On December 4, Abu Muhammad al-Maqdisi–Zarqawi’s former mentor and one of the world’s most influential Jihadi ideologues–spoke briefly to the al-Ansar Paltalk chat group.  In his brief remarks, Maqdisi appears to distance himself from the Jihadi revisionists:

For you and me I prescribe the fear of God, working for the sake of this religion, and being its helpers in the time before the victory (al-fath).  God, powerful and mighty, says: “Those of you who spent and fought before the victory are not equal (to those who didn’t); you are greater in rank than those who spent and fought afterwards” (Q 57:10).  Today, brothers and friends, you see the nations assailing us and there is no doubt that we are like the Companions of the Prophet (PBUP) before the victory.  I beseech God to hasten the victory for the people of Islam and the people of monotheism.  
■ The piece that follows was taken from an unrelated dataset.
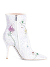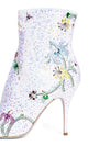 Guaranteed Authentic Rene Caovilla Boots or 100% of your money back. These boots are in silver rhinestones with a floral rhinestone design throughout and a side zipper closure. Made in Italy.

Action for the sake of the religion at a time like this…the one who aids (the religion) and tries to assist it, establish it, and raise its banners–there is no doubt that he is greater in rank than those who act after the victory.  I prescribe for you and for myself constancy in this religion and working to aid it and raise its banner and to always be concerned with steadfastness–to be steadfast in (the religion) and in the truth and to not turn back, turn toward those who retreat, or turn toward those who fall away.  We must always remember the hadith of the Prophet (PBUH): “A group in my umma will always manifest the truth.  Those who oppose them cannot harm them, neither can those who abandon them, until the command of God is fulfilled.” 

Despite Maqdisi’s appeals to constancy, I wouldn’t take his rhetoric at face value given that he has made clear efforts to shift the course of Jordanian Jihadism in a different direction, as I and Abu Rumman have pointed out.  Maqdisi’s primary audience is militants, so he has to engage in a very careful balancing act.  Compare this to Sayyid Imam, who can dispense with such subtleties since Jihadis are not his primary audience.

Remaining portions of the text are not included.